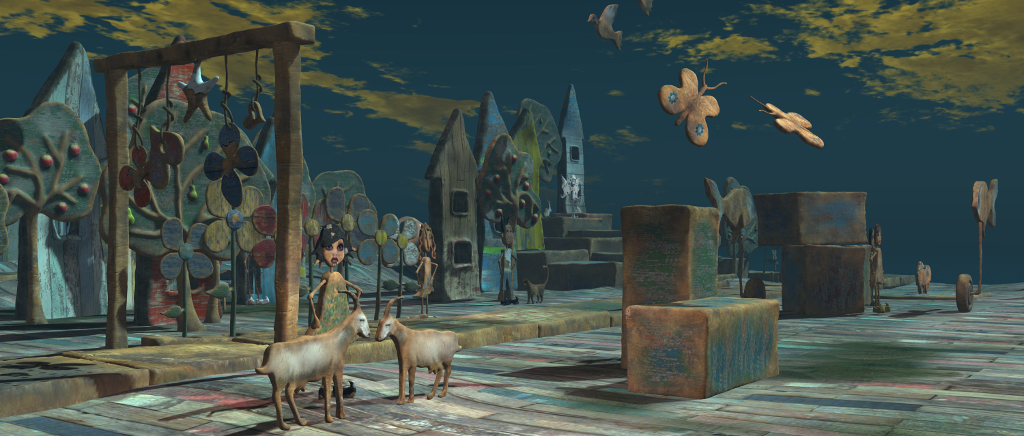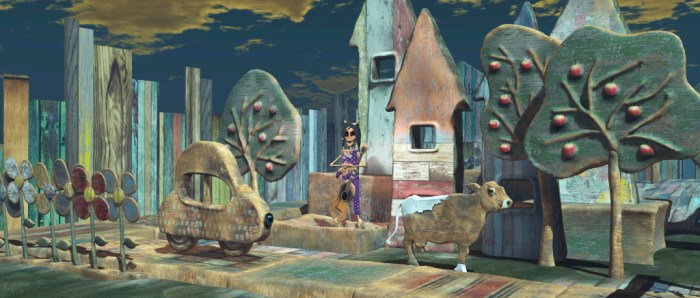 This is a place where finger-like houses rise alongside lollypop trees, and the locals add their own splashes of colour as they stand outside homes or carry out duties such as tending goats, picking flowers or simply having fun. A pancake car, its shape reminiscent of a Volkswagen Beetle rolls around the single road surrounding the town while fish atop unicycle like poles rolls back and forth on large tyres. It is, in a word, a fanciful place.
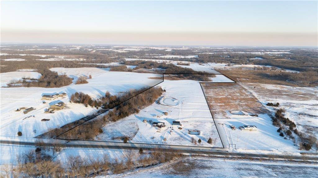 Back on the market, no fault of the sellers so here is your chance... Priced $60,000 below appraisal gets you instant equity with country living with Johnson County, MO lower taxes. 3 bedroom, 2 bath home on 20 acres, blacktop road, newer 24 x 30 foot shed (100 amp breaker panel) plus two converted grain bins--one into an entertainment space, second a barn setting. Home has vinyl floors, high ceiling and electric fireplace feature in main area. Metal roof/gutters/windows all replaced within 3 years. Tub walls are solid surface. Land includes two fenced in areas, approximately 1 acre each. Home is anchored on 30 x 50 slab with insulated crawl space. Concrete storm shelter just out the back door to keep you safe when Missouri weather takes a turn for the worse.
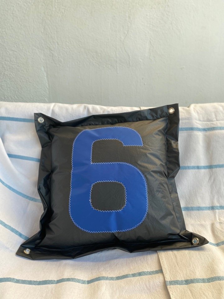 El cojín de vela negra reciclada Carbonera está confeccionado con tela náutica de barco (Spinnaker) 100% reciclada de color negro y costuras originales en azul, recuperada de navegantes que un día la hicieron volar sobre el Mediterráneo.
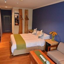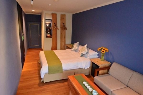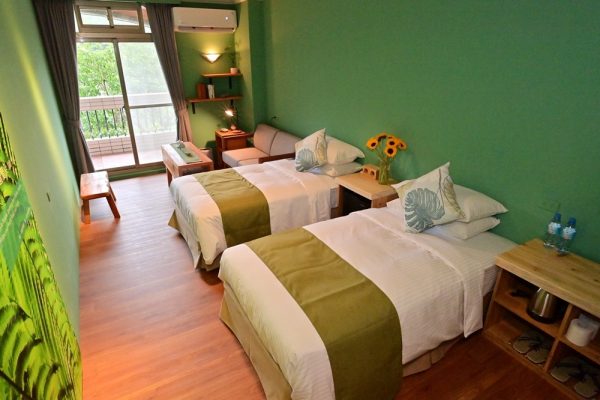 客房以海洋天空藍、森林草綠、溫暖大地三個色系,搭配原木家飾,遠離城市喧囂,感受住在森林裡的靜謐與美好,走進里山為您打造的靜心之旅。
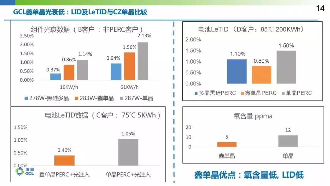 “鑫單晶G3”的另外一個特點是氧含量低,僅為直拉單晶的一半,電池的光衰低。我們看一下LeTID數據,可以發現鑫單晶表現很好。
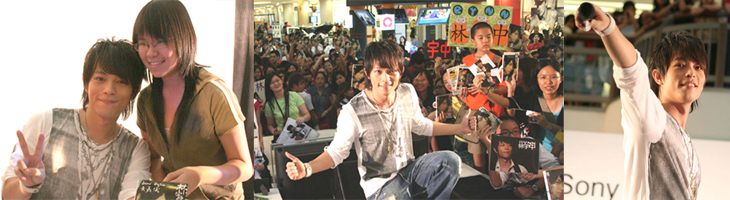 活动:5项全能'<<淋雨中>>首场签唱会 日期: 2007年5月19日 时间: 下午3时 地点: One Utama , New Wing大厅 (马来西亚19日讯)林宇中在签唱会上演唱代言广告歌《捉迷藏》时,也拿出身上的数码相机拍台下粉丝们的照片。当演唱另一首歌曲《旋律》时,更走下台牵小妹妹上台对她猛放电,也许是年龄太小的关系,小妹妹一直看着在台下的妈妈,对林宇中不理不睬。 终于巧到档期回马宣传的林宇中,今天终于举办《Sony 嘉年会兼林宇中5 项全能签唱会》。 主角林宇中出场立即引起骚动,在跟主持人闲聊代言相机喜爱的一些主要功能后,几位忠实粉丝上台献花给林宇中,也让他感动的主动拥抱粉丝们。让台下其他粉丝们又羡又嫉的。 林宇中轮流与參加电台游戏胜出的优胜者,还有现场购买代言相机的朋友合照。然后开始为在场的歌迷们在新专辑上签名,大约签了近 2 小时,才把CD签完。 更新时间: 2007年5月22日 1:53:01 PM

• **Work required**
Your answer must be an exact copy of every entry, with no pictures in it.

• **Written response**
 This is a place where finger-like houses rise alongside lollypop trees, and the locals add their own splashes of colour as they stand outside homes or carry out duties such as tending goats, picking flowers or simply having fun. A pancake car, its shape reminiscent of a Volkswagen Beetle rolls around the single road surrounding the town while fish atop unicycle like poles rolls back and forth on large tyres. It is, in a word, a fanciful place.
 Back on the market, no fault of the sellers so here is your chance... Priced $60,000 below appraisal gets you instant equity with country living with Johnson County, MO lower taxes. 3 bedroom, 2 bath home on 20 acres, blacktop road, newer 24 x 30 foot shed (100 amp breaker panel) plus two converted grain bins--one into an entertainment space, second a barn setting. Home has vinyl floors, high ceiling and electric fireplace feature in main area. Metal roof/gutters/windows all replaced within 3 years. Tub walls are solid surface. Land includes two fenced in areas, approximately 1 acre each. Home is anchored on 30 x 50 slab with insulated crawl space. Concrete storm shelter just out the back door to keep you safe when Missouri weather takes a turn for the worse.
 El cojín de vela negra reciclada Carbonera está confeccionado con tela náutica de barco (Spinnaker) 100% reciclada de color negro y costuras originales en azul, recuperada de navegantes que un día la hicieron volar sobre el Mediterráneo.
 客房以海洋天空藍、森林草綠、溫暖大地三個色系,搭配原木家飾,遠離城市喧囂,感受住在森林裡的靜謐與美好,走進里山為您打造的靜心之旅。
 “鑫單晶G3”的另外一個特點是氧含量低,僅為直拉單晶的一半,電池的光衰低。我們看一下LeTID數據,可以發現鑫單晶表現很好。
 活动:5项全能'<<淋雨中>>首场签唱会 日期: 2007年5月19日 时间: 下午3时 地点: One Utama , New Wing大厅 (马来西亚19日讯)林宇中在签唱会上演唱代言广告歌《捉迷藏》时,也拿出身上的数码相机拍台下粉丝们的照片。当演唱另一首歌曲《旋律》时,更走下台牵小妹妹上台对她猛放电,也许是年龄太小的关系,小妹妹一直看着在台下的妈妈,对林宇中不理不睬。 终于巧到档期回马宣传的林宇中,今天终于举办《Sony 嘉年会兼林宇中5 项全能签唱会》。 主角林宇中出场立即引起骚动,在跟主持人闲聊代言相机喜爱的一些主要功能后,几位忠实粉丝上台献花给林宇中,也让他感动的主动拥抱粉丝们。让台下其他粉丝们又羡又嫉的。 林宇中轮流与參加电台游戏胜出的优胜者,还有现场购买代言相机的朋友合照。然后开始为在场的歌迷们在新专辑上签名,大约签了近 2 小时,才把CD签完。 更新时间: 2007年5月22日 1:53:01 PM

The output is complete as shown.